The call came from the annual meeting of the anti-graft agency held at its auditorium in the capital on Thursday. An EIA prepared in August 2013 by the government’s Centre for Environmental and Geographic Information Services that gave the green light to the project is widely considered to be flawed.
‘Once the coal-fired power plant is set up near the Sunderbans without an acceptable and fair environmental assessment, it will welcome havoc into the mangrove forest,’ said TIB executive director Iftekharuzzaman.
The proposed 1320 MW power station is a joint venture between Bangladeshi and Indian companies. Environmentalist claim that the Rampal power plant will pose a threat to the Sunderbans in various ways as it is located just 4 kilometres outside the designated Ecologically Critical Area of the world’s largest mangrove forest.

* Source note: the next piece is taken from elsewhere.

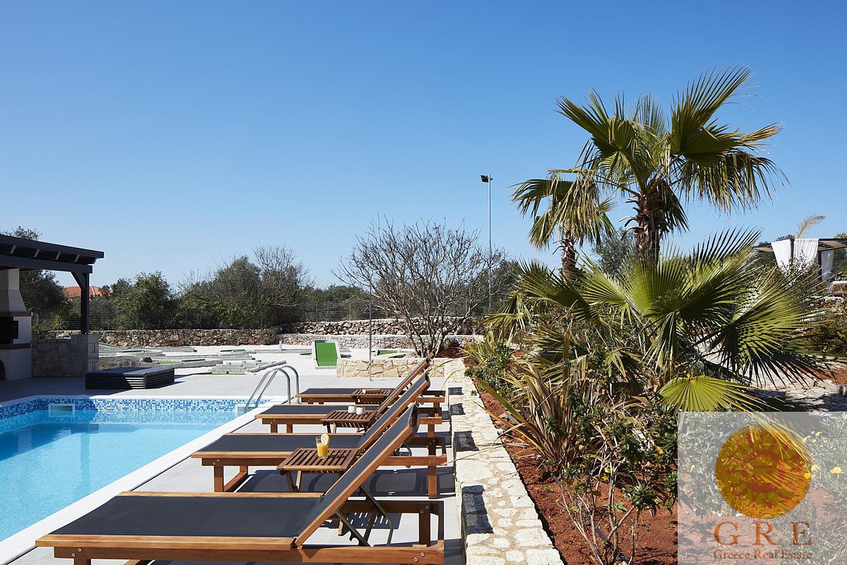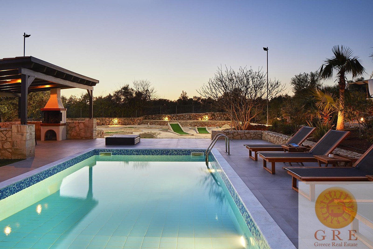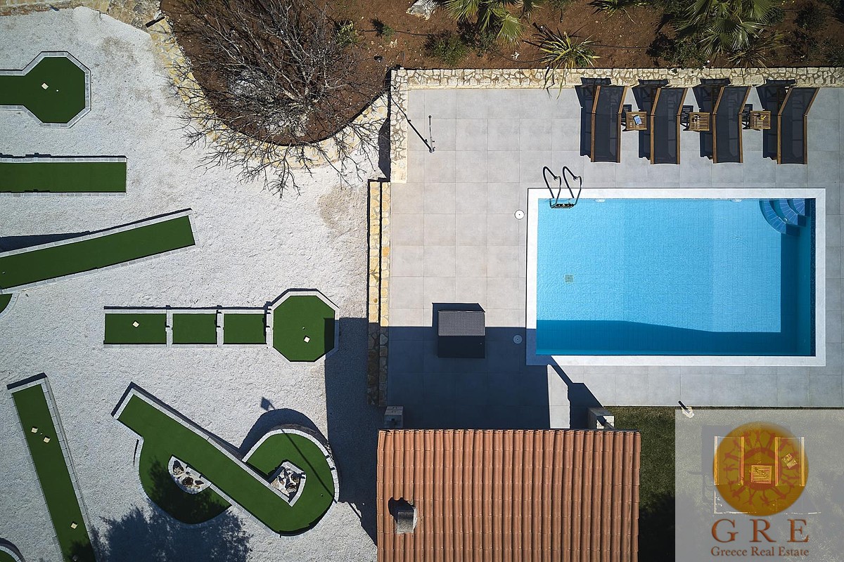 הוילה מגודרת ויש לה חניה פרטית מרווחת משלה. אזור הבריכה מוקף בגן מעוצב ותוסס. גודל הבריכה הוא 28 מ"ר ויש לה אזור מרפסת שיזוף עם אריחים. לצד הבריכה, יש את המיני גולף המעוצב בקפידה, עם רמות קושי שונות ושמונה מסלולים שונים,. בעודכם בדרככם בשביל הגן, תמצאו את הפינה הטרופית המרגיעה בה ממוקם הג'קוזי, הנותנת רושם של ספא ביתי פרטי.

The plant is expected to produce 750,000 tonnes of fly ash and 200,000 tonnes of bottom ash a year, according to an earlier environmental impact assessment.
On persistent corruption in the country, the TIB chief said the main work of his organisation is to raise its voice for strengthening legal procures so that the Anti-Corruption Commission, judiciary and law-enforcing agencies can play their respective duties properly in checking graft.
TIB members lamented that the country’s present administration is getting ‘intellectually crippled’ due to unethical hiring practices, including bribes and nepotism.
They demanded the ACC and other government agencies work independently and neutrally to cut corruption in the society and establish democracy, good governance and human rights.
TIB trustee board chairperson adv Sultana Kamal and its member Mohammad Shamsuuddin, among others, spoke at the meeting.